In other words, one binary that takes advantage of new instructions but still runs on older hardware. It doesn't really have to be older either, plenty of brand new CPUs doesn't support AVX-512.
Generally speaking the vendor libraries have dynamic dispatch support, which can identify which functions are available on a CPU and then deploy to the best at runtime. Intel got into some hot water for having their dispatch hurt performance on AMD CPUs, but it seems that's been fixed. Their IPP-Crypto and AMD's AOCL-Cryptography libraries both support dynamic dispatch these days, for example.
It seems to me that a table of function pointers is all that's required. Highway is a little fancier in that the first entry is a trampoline that first detects CPU capabilities and then calls your pointer; subsequent calls go straight to the appropriate function.
Do the (experimental/non-portable) compiler versions contribute any additional value?

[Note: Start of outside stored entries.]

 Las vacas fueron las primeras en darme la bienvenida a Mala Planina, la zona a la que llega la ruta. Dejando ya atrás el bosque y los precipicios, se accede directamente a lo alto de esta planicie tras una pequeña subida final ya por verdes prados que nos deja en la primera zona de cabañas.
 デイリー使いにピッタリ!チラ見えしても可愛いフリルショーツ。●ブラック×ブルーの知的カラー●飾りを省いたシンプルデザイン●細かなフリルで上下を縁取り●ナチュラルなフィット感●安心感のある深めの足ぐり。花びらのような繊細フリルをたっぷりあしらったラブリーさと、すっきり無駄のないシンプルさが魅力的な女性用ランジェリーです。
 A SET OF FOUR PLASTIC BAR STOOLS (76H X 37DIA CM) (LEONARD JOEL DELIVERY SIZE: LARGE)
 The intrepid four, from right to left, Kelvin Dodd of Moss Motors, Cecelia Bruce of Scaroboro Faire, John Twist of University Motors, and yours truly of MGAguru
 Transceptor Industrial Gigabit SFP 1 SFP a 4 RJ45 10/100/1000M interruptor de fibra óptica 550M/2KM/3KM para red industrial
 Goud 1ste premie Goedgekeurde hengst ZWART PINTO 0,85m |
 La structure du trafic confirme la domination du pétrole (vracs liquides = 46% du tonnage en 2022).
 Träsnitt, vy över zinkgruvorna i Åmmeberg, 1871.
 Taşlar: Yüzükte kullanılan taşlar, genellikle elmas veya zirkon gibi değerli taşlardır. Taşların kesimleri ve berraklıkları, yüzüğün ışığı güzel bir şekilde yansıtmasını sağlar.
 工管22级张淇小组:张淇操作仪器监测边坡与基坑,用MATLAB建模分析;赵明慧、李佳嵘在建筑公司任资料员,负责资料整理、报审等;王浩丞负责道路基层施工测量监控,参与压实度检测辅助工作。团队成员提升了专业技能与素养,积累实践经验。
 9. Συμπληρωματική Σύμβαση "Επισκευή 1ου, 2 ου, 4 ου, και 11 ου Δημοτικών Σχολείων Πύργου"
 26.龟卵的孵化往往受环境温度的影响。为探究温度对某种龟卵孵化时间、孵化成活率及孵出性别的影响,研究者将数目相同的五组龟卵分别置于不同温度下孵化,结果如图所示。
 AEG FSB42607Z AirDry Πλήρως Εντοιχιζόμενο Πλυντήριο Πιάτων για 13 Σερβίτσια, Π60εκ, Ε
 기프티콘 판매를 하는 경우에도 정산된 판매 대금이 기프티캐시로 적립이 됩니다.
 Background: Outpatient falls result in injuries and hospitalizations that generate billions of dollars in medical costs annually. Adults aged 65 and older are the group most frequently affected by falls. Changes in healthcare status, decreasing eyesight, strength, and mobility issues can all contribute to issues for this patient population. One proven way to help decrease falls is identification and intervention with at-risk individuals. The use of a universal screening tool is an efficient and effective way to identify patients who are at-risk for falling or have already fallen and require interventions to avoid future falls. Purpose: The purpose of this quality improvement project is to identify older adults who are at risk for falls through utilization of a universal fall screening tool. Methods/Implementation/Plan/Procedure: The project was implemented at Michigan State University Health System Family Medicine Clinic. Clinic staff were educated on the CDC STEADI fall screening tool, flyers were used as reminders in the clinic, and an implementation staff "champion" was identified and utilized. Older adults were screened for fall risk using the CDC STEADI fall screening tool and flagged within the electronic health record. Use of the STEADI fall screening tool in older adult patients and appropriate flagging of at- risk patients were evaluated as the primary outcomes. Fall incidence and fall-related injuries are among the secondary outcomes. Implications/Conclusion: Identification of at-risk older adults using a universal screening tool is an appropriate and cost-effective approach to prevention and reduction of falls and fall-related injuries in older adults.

I gather from the linked-to video that binary-load-time selection has better run-time performance than init-at-first-call run-time dispatch, and doesn't have the tradeoff between performance and security.
Thanks for the pointer. I read the video transcript and agree with their premise that indirect calls are slow.
The are several ways to proceed from there. One could simply inline FastMemcpy into a larger block of code, and basically hoist the dispatch up until its overhead is low enough.
Instead, what they end up doing is pessimizing memcpy so that it is not inlined, and even goes through another thunk call, and defers the cost of patching until your code is paged in (which could be in a performance or latency-sensitive area). Indeed their microbenchmark does not prove a real-world benefit, i.e. that the thunks and patching are actually less costly than the savings from dispatch. It falls into the usual trap of repeating something 100K times, which implies perfect prediction which would not be the case in normal runs.
Also, the detection logic is limited to rules known to the OS; certainly sufficient for detecting AVX-512, probably harder to do
something like "is it an AVX-512 where compressstoreu or vpconflict are super slow". And certainly impossible to do something reasonable like "just measure how my code performs for several codepaths and pick the best",
or "specialize my code for SVE-256 in Graviton3".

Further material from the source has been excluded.